Originally Posted by tuukka
Many of those games were quite different from each other. They aim to do very different things within the RPG genre.
But regardless, the learning curve / higher difficulty issue of Oblivion can be handled by putting the difficulty at the hardest. And after that, once you add a scaling-removal mod and a realism mod (Including eating, sleeping, disease, etc), Oblivion can have a steeper learning curve and higher difficulty than any of the games you mentioned.
That's what's fun about the ES series. You can tailor the game to fit your own taste.
The Oblivion I played was a relentless, unforgiving experience.
I haven't yet started my full play-through of Skyrim. I'm soon updating to a faster computer, and once I have it, I will update the graphics to be 200% better. Of course I also will add the Realistic Lighting Overhaul, and more varied weather.

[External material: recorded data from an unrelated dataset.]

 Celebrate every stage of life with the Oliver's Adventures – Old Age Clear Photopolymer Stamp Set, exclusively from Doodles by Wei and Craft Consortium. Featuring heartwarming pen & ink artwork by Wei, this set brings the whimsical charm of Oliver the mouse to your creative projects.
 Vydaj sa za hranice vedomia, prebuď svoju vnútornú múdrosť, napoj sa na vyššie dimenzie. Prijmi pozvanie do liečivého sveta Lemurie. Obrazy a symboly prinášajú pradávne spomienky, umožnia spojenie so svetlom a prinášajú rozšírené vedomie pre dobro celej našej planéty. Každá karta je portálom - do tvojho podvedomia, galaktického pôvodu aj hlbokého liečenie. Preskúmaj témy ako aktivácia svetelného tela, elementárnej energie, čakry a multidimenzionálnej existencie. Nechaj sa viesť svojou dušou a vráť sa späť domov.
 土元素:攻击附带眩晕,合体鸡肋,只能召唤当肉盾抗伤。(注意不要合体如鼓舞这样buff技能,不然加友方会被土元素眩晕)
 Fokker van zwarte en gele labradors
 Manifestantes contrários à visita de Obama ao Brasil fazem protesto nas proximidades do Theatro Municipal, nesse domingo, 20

I will add the Frostbite mod, so that the weather conditions will affect my gameplay. I will have the Realistic Needs And Diseases, which requires me to eat, drink, sleep, and take care of my health. I will make the civil war more ravaging and active with Civil Unrest.

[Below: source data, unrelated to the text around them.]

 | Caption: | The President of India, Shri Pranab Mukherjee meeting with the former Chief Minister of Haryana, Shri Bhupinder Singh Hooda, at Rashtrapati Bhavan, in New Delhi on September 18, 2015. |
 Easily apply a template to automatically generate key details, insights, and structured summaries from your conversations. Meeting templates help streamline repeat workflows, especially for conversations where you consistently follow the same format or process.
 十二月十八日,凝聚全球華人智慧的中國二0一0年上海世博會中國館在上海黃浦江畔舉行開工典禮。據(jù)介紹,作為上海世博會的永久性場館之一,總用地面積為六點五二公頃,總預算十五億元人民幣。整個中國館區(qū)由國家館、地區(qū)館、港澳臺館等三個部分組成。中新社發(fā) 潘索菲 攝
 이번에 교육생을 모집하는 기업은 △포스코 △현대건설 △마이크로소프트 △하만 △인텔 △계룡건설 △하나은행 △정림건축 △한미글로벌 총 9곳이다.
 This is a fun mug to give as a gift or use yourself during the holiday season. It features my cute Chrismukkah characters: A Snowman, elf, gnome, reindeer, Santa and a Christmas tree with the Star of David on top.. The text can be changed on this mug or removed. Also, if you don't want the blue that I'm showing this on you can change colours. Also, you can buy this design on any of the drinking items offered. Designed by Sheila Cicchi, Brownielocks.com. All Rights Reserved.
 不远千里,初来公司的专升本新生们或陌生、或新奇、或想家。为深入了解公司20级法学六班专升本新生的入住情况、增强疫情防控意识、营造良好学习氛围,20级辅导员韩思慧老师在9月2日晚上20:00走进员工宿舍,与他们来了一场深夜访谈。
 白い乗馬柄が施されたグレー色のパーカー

I will get Healthfire, to build my own home, and to have my own children. I will add Adura's Merchant mod to start my own trading business. And I will get Tundra Defense, so I can start my own town, get my own tax-paying citizens, my own army, etc.
Not to mention Dawnguard and numerous other mods, that will give me 50-100 new quests to do. And then there are going to be countless of new monsters and loot.
I like being 100% immersed in a world, struggling to survive, yet being able to do anything I want. The Skyrim I'm going to play is going to be bigger, more complex, and more demanding than any of the games you mentioned.